While a typical investor has significant exposure to ‘stock market/economic’ risk and some have large exposure to ‘interest rate’ risk, very few have any exposure to ‘insurance risk’. Introducing this other type of risk that is not correlated at to either economic or interest rate risk has a tremendous advantage to an overall portfolio’s risk and return.

No asset class is perfect however, so all investors should be aware of a couple important concerns unique to these investments.

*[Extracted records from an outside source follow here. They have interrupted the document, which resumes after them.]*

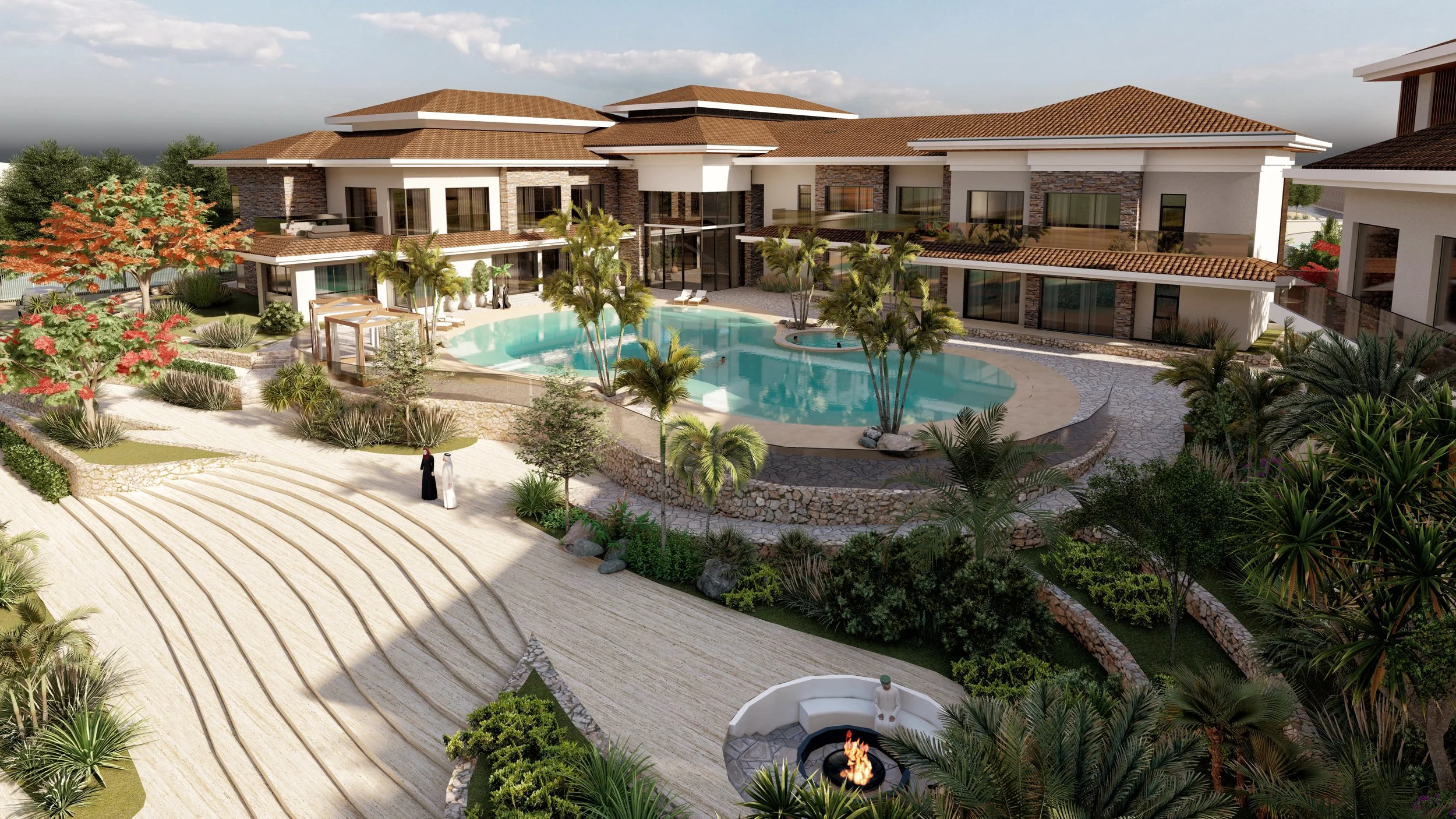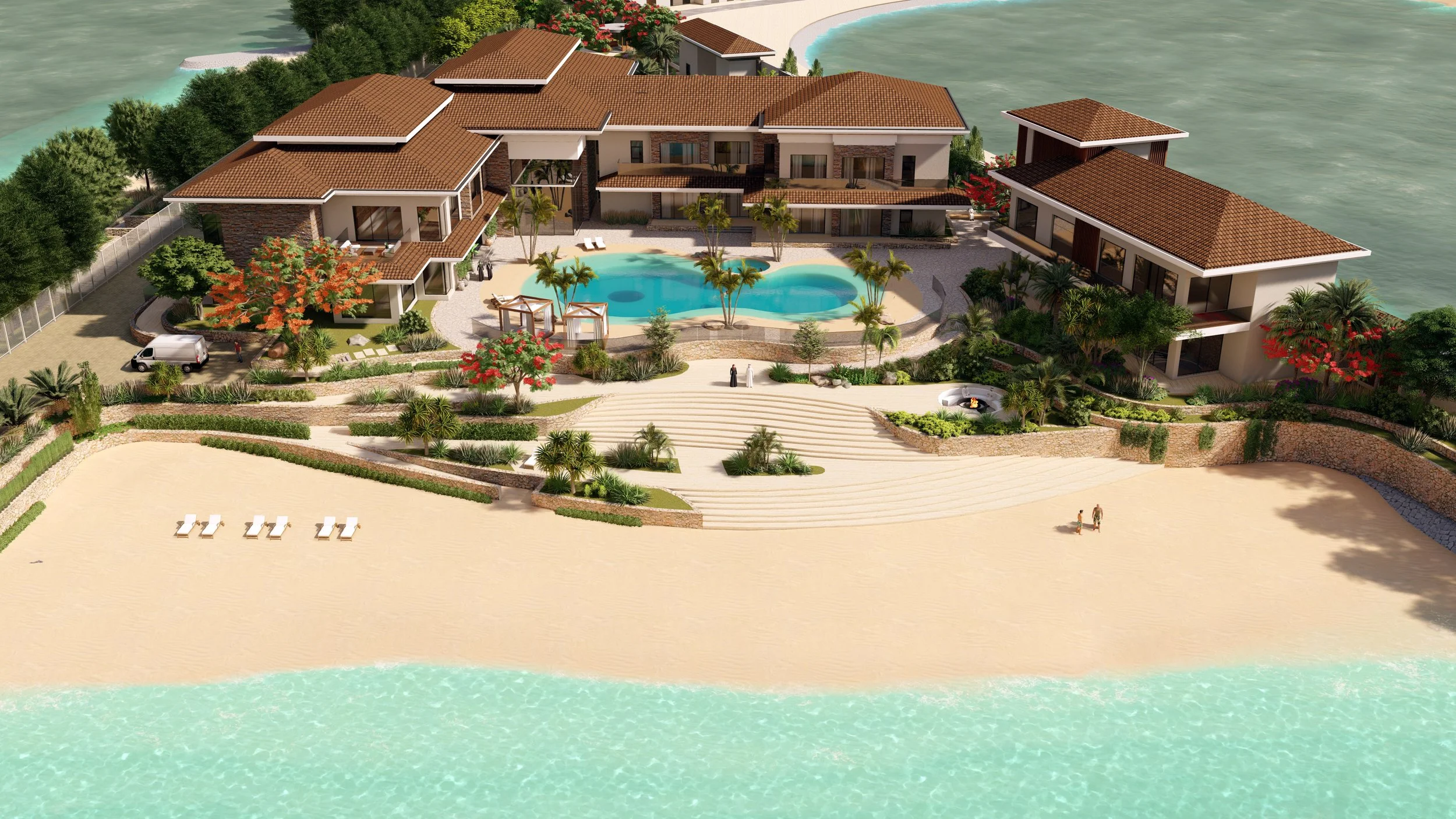 The client of this private villa in Abu Dhabi sought to merge the elegance of Spanish architecture with the openness of contemporary coastal living. The design responds with a composition that celebrates light, connection, and a spirit of gathering. Generous social spaces flow toward a sea-facing pool, while the interiors balance playfulness with refinement through layered textures and curated details. The ground floor is envisioned as a vibrant social hub where indoor and outdoor life blend effortlessly. Surrounded by landscaped gardens, a greenhouse, and a private beach, a service yard and staff accommodation, the villa’s exterior of white rendered walls, stone foundations, and timber accents evokes a timeless resort character that feels both grounded and alive.
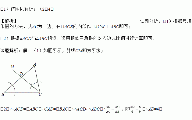 (2)若(1)中的射线CM交AB于点D,AB=9,AC=6,求AD的长.
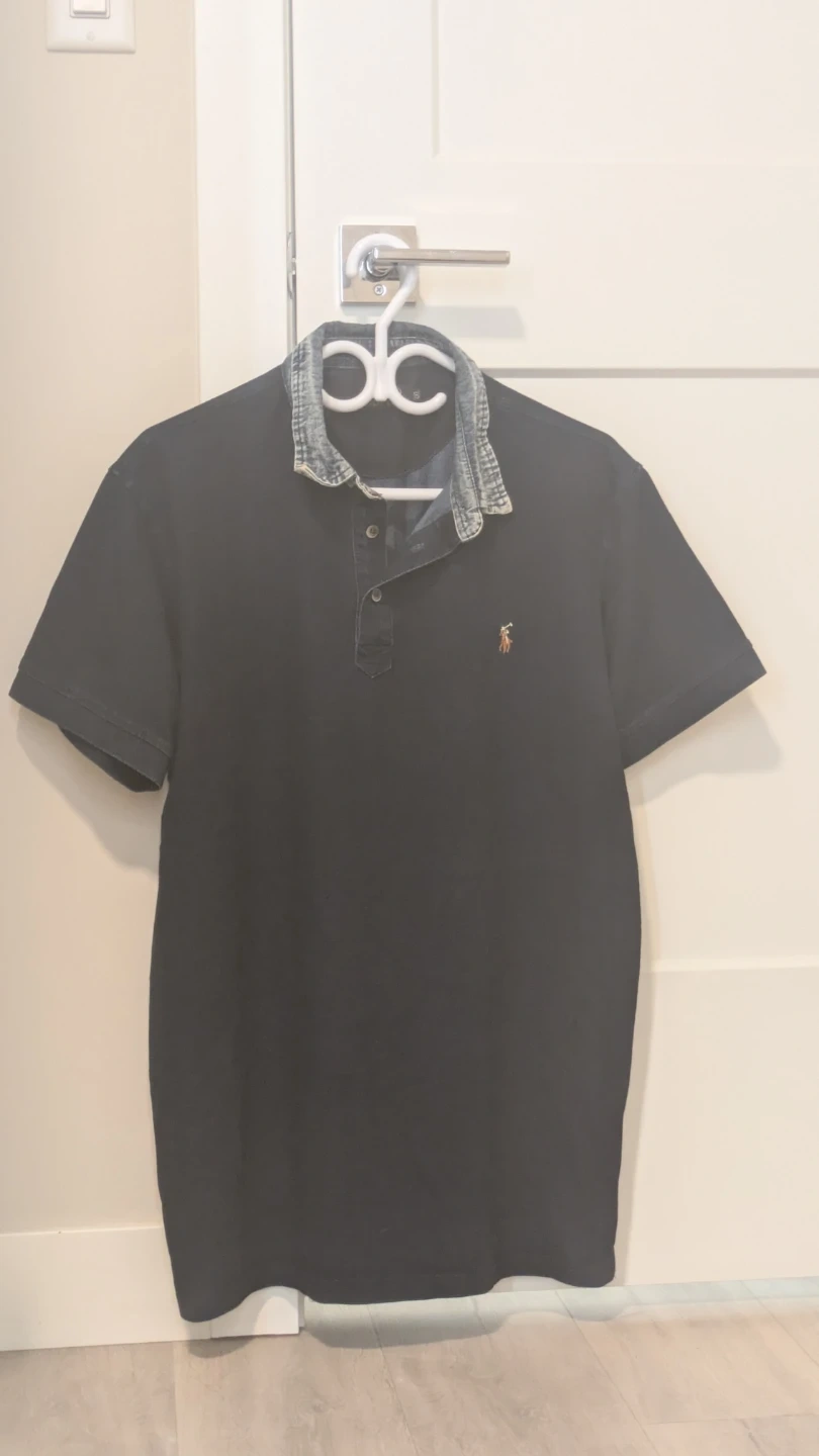 Ralph Lauren black polo shirt. Features a denim collar detail. Made with a comfortable cotton blend.

  • All-Or-Nothing Payoff: In the case of catastrophe bonds, the vast majority will be an all or nothing proposition in terms of payoff. If the bond triggers are not met the investor (in the vast majority of cases) will get 100% of their principal returned with interest, but if a triggering event does occur the investor will most likely lose 100% of their principal. This makes holding any 1 bond extremely risky and unadvisable. Therefore we are holding a fund that holds many diversified bonds so if any 1 security does trigger it will have a small impact over all.
  • Modeling Risks: With both quota share and catastrophe bonds the climate/weather modeling that ‘creates’ the agreed upon underlying investment return/risk metrics are not perfect and are very long term orientated. What this combination creates in the short term are results that will deviate largely from long term modeled outcomes. Modeling is getting better and better however, and again if you hold enough diversified investments the risk of any one event being modeled incorrectly is greatly mitigated.
  • Limited Liquidity: Liquidity is more of an issue with quota share than catastrophe bonds, as we hold catastrophe bonds through a normal open end mutual fund we can sell at any time. Even though our quota share will be held through an open end fund as well, it will only have quarterly liquidity, as quota share itself does have little interim liquidity. If purchasing the timeline for the funds invested should be for no less than 3-5 years anyway as it is important to hold through a full insurance premium cycle.

We will be moving approximately 10% of most of our client’s portfolio into the asset class with the allocation coming out of both stocks and fixed income within the next month.